====== Provided records ======
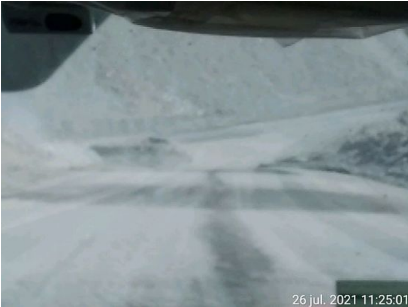
Foto 9: Medida: Riego de caminos EPSA Cerro Amarillo. Lugar: Fases superiores. Comentarios: Se observa circuito epsa Cerro amarillo humectado, cuesta regular el regadío debido a congelamiento por bajas temperaturas. Aljibe epsa operativo.
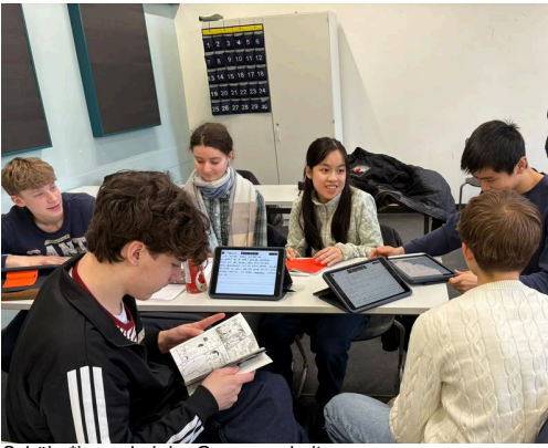
Schüler*innen bei der Gruppenarbeit Urheber: Anna Sanner
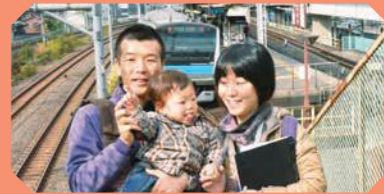
王子駅 南口 跨線橋

跨線橋の階段を上ると、JRのホームが間近に。その上には新幹線。跨線橋の下には宇都宮線・高崎線などが走り抜けます。電車の臨場感満点のスポット。
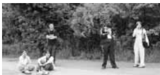
Fáradtan... elhagyatva... reménytelenül... itt már végképpen elfogyott a sárgajelzés
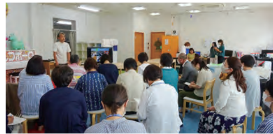
民生委員の研修会
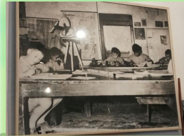
Fonte Scuola di Barbiana, Lettera a una professoressa , 2010 Foto e slide di Aurora Mattei
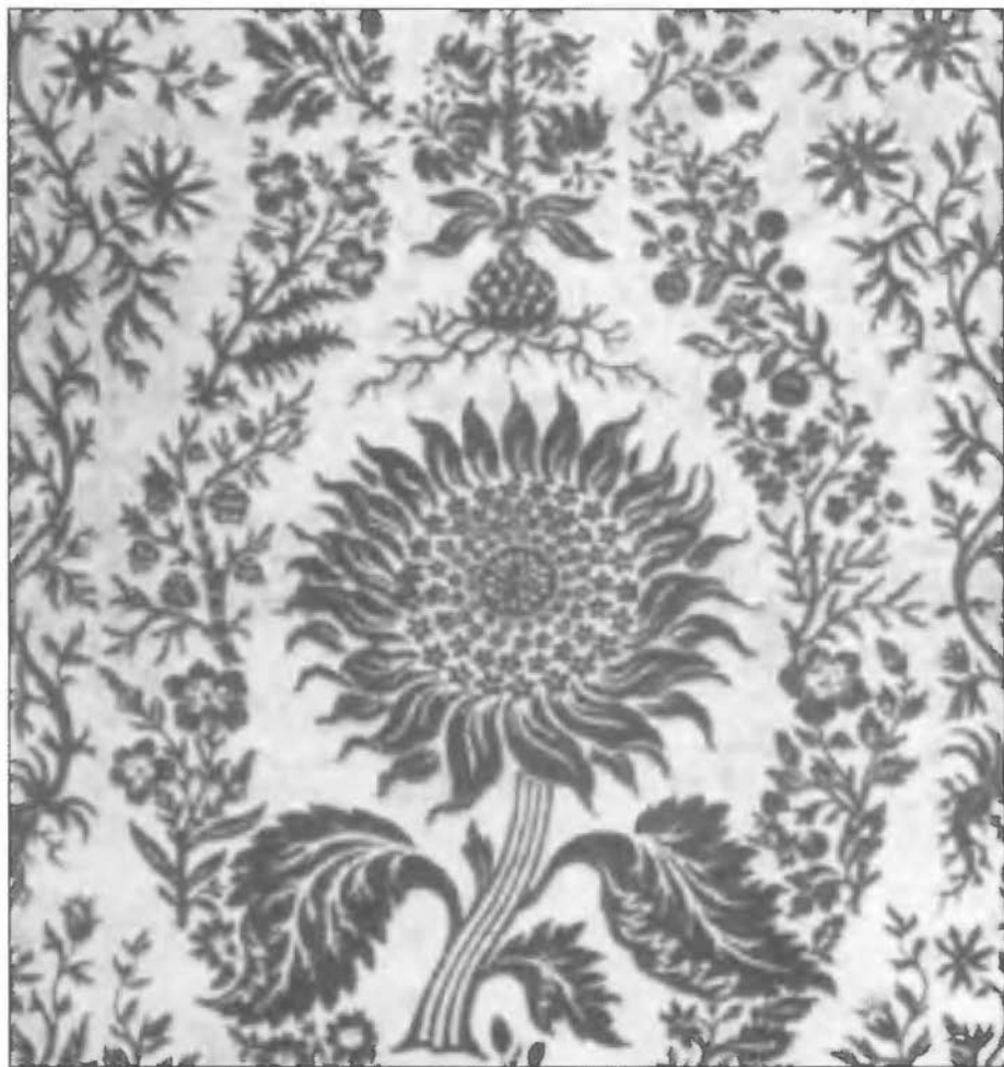
Het 17de-eeuwse zonnebloemdessin

gestarte fabriek, werd velours vervaardigd voor de bekleding van meubels. De pool van deze stof bestond uit haar van de mohairgeit. Deze grondstof, die ook in de fabriek in Haaksbergen werd gebruikt, geeft het velours zijn bijzondere glans en duurzaamheid: de bijna onverslijtbare stoffen gaan veertig tot vijftig jaar mee. Van het geitenhaar komt het grootste gedeelte uit Zuid-Afrika en Texas, waar de klimaatomstandigheden de beste kwaliteit haar opleveren. Na het scheren en weven volgde het verven. De stoffen werden geleverd in een breed scala van kleuren, eigenlijk iedere kleur die maar denkbaar is. Een vroegere klant, die zijn uiteindelijk versleten meubelstof wilde vervangen, kon vragen om exact dezelfde kleurnuance.
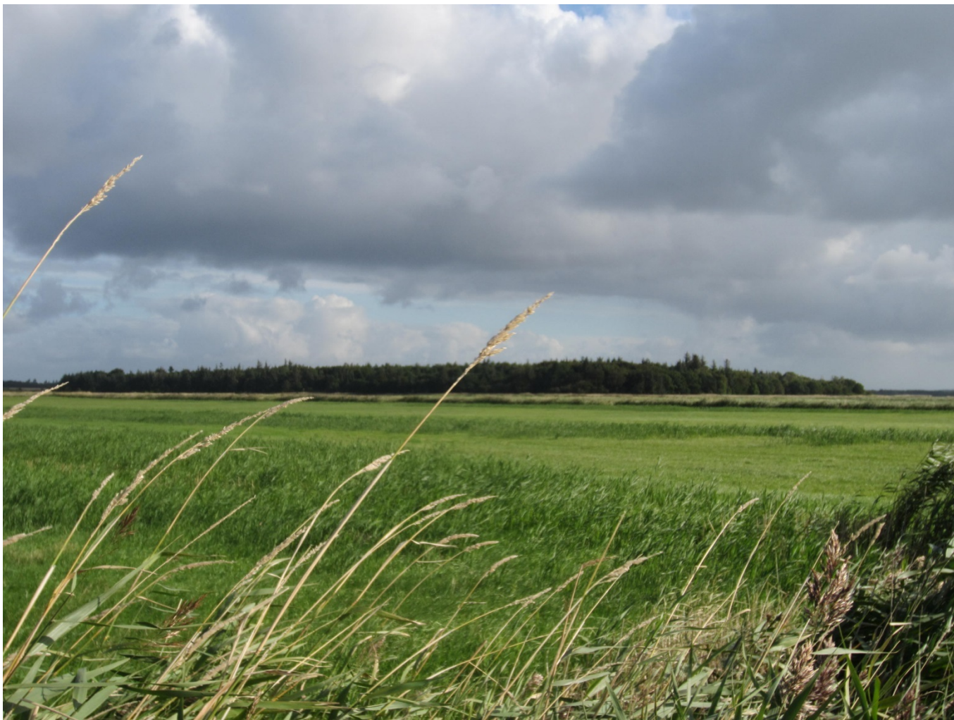
Figur 1: Janderup Holm set vest mod øst. Billedet er taget fra Åkirkevej et stykke fra Tarphagevej mod Janderup.
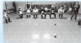
障がい者サポート交流事業

小・中学生が考えた標語の町内設置や、「ポスターコンクール」を実施しています。今年度は「みんなが幸せに暮らせる合言葉」をテーマに行い地域の様々な場所に設置させていただきました。
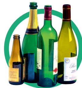
Bouteilles, bocaux et pots vides en vrac sans bouchon, ni capsule, ni couvercle
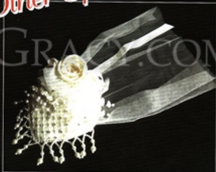
Medium-sized Wedding Hat provided by ME & Co
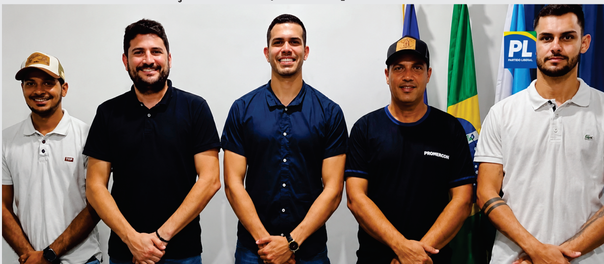
Recurso destinado por deputado estadual já foi repassado à prefeitura e será utilizado na revitalização da unidade de saúde

Recurso destinado por deputado estadual já foi repassado à prefeitura e será utilizado na revitalização da unidade de saúde, considerada referência para atendimento da população local
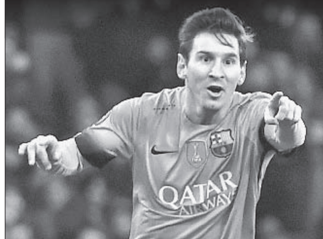
Вчера. Лондон. «Арсенал» - «Барселона» - 0:2. 71-я минута. Только что Лионель МЕССИ открыл счет.

Дубль Лионеля Месси в Лондоне фактически решил исход противостояния «Барселоны» с «Арсеналом». А вот «Бавария» Пепа Гвардьолы, ведя в два мяча, упустила победу в Турине.
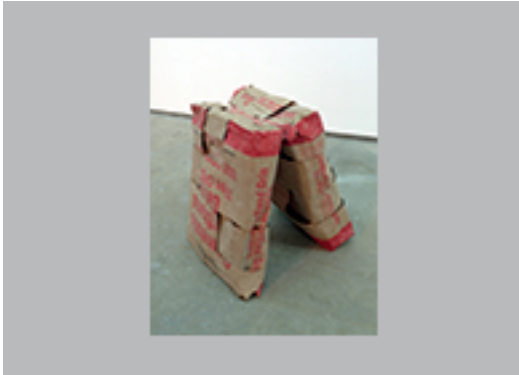
4. ERNESTO MONTIEL | BRUTAL REFLEXIÓN BRUTALISTA 2013 | SACOS DE CEMENTO | 50 X 62 X 43 CM
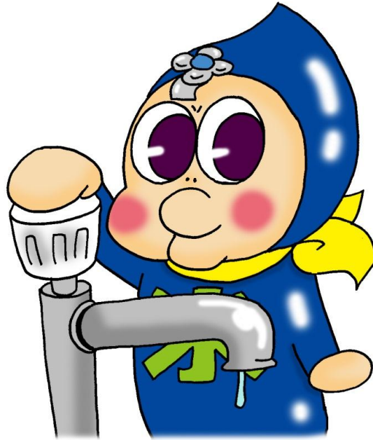
水道やはばキャラクター 「じゃじゃっとくん」

「水道やはば」ホームページ（ http://suidou.town.yahaba.iwate.jp ）では、★じゃじゃっとくんの節水大作戦★を掲載しています。
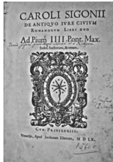
1. Karta tytułowa dzieła K. Sigoniusa De antiquo iure civium... (Venetijs 1560).

Pod tytułem nota proveniencyjna: Domus Calissien[sis] Canon[icorum] Reg[ularium] Lateran[ensium] ad S[anctum] Nicolaum ). Egz. ze zbiorów Miejskiej Biblioteki Publicznej im. A. Asnyka w Kaliszu
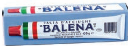
ACC800 PASTA ACCIUGHE BALENA
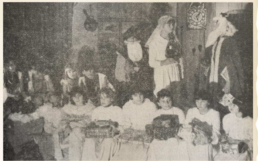
Besuch im Wolkenschloss des alten Königs Winter.
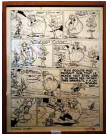
Planche originale de l'Album d'Astérix 'Le cadeau de César', de Goscinny et Uderzo
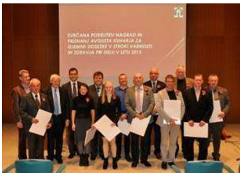
Dobitniki nagrad in priznanj Avgusta Kuharja v letu 2015 po podelitvi
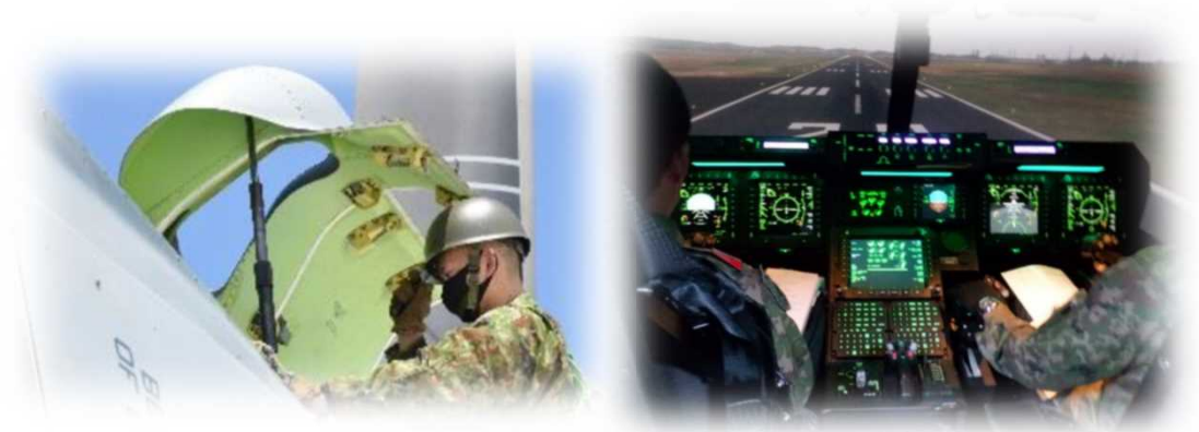
安全対策措置の様子（イメージ）

日々の飛行の際に事前に作成する運用計画についても、「特定の部品の不具合」による事故を防ぐための手順を整理し、この計画に反映させます。
======
The expected answer is the whole listing above, copied exactly, with images excluded.

» **Exercise answer**:
Foto 9: Medida: Riego de caminos EPSA Cerro Amarillo. Lugar: Fases superiores. Comentarios: Se observa circuito epsa Cerro amarillo humectado, cuesta regular el regadío debido a congelamiento por bajas temperaturas. Aljibe epsa operativo.
Schüler*innen bei der Gruppenarbeit Urheber: Anna Sanner
王子駅 南口 跨線橋

跨線橋の階段を上ると、JRのホームが間近に。その上には新幹線。跨線橋の下には宇都宮線・高崎線などが走り抜けます。電車の臨場感満点のスポット。
Fáradtan... elhagyatva... reménytelenül... itt már végképpen elfogyott a sárgajelzés
民生委員の研修会
Fonte Scuola di Barbiana, Lettera a una professoressa , 2010 Foto e slide di Aurora Mattei
Het 17de-eeuwse zonnebloemdessin

gestarte fabriek, werd velours vervaardigd voor de bekleding van meubels. De pool van deze stof bestond uit haar van de mohairgeit. Deze grondstof, die ook in de fabriek in Haaksbergen werd gebruikt, geeft het velours zijn bijzondere glans en duurzaamheid: de bijna onverslijtbare stoffen gaan veertig tot vijftig jaar mee. Van het geitenhaar komt het grootste gedeelte uit Zuid-Afrika en Texas, waar de klimaatomstandigheden de beste kwaliteit haar opleveren. Na het scheren en weven volgde het verven. De stoffen werden geleverd in een breed scala van kleuren, eigenlijk iedere kleur die maar denkbaar is. Een vroegere klant, die zijn uiteindelijk versleten meubelstof wilde vervangen, kon vragen om exact dezelfde kleurnuance.
Figur 1: Janderup Holm set vest mod øst. Billedet er taget fra Åkirkevej et stykke fra Tarphagevej mod Janderup.
障がい者サポート交流事業

小・中学生が考えた標語の町内設置や、「ポスターコンクール」を実施しています。今年度は「みんなが幸せに暮らせる合言葉」をテーマに行い地域の様々な場所に設置させていただきました。
Bouteilles, bocaux et pots vides en vrac sans bouchon, ni capsule, ni couvercle
Medium-sized Wedding Hat provided by ME & Co
Recurso destinado por deputado estadual já foi repassado à prefeitura e será utilizado na revitalização da unidade de saúde

Recurso destinado por deputado estadual já foi repassado à prefeitura e será utilizado na revitalização da unidade de saúde, considerada referência para atendimento da população local
Вчера. Лондон. «Арсенал» - «Барселона» - 0:2. 71-я минута. Только что Лионель МЕССИ открыл счет.

Дубль Лионеля Месси в Лондоне фактически решил исход противостояния «Барселоны» с «Арсеналом». А вот «Бавария» Пепа Гвардьолы, ведя в два мяча, упустила победу в Турине.
4. ERNESTO MONTIEL | BRUTAL REFLEXIÓN BRUTALISTA 2013 | SACOS DE CEMENTO | 50 X 62 X 43 CM
水道やはばキャラクター 「じゃじゃっとくん」

「水道やはば」ホームページ（ http://suidou.town.yahaba.iwate.jp ）では、★じゃじゃっとくんの節水大作戦★を掲載しています。
1. Karta tytułowa dzieła K. Sigoniusa De antiquo iure civium... (Venetijs 1560).

Pod tytułem nota proveniencyjna: Domus Calissien[sis] Canon[icorum] Reg[ularium] Lateran[ensium] ad S[anctum] Nicolaum ). Egz. ze zbiorów Miejskiej Biblioteki Publicznej im. A. Asnyka w Kaliszu
ACC800 PASTA ACCIUGHE BALENA
Besuch im Wolkenschloss des alten Königs Winter.
Planche originale de l'Album d'Astérix 'Le cadeau de César', de Goscinny et Uderzo
Dobitniki nagrad in priznanj Avgusta Kuharja v letu 2015 po podelitvi
安全対策措置の様子（イメージ）

日々の飛行の際に事前に作成する運用計画についても、「特定の部品の不具合」による事故を防ぐための手順を整理し、この計画に反映させます。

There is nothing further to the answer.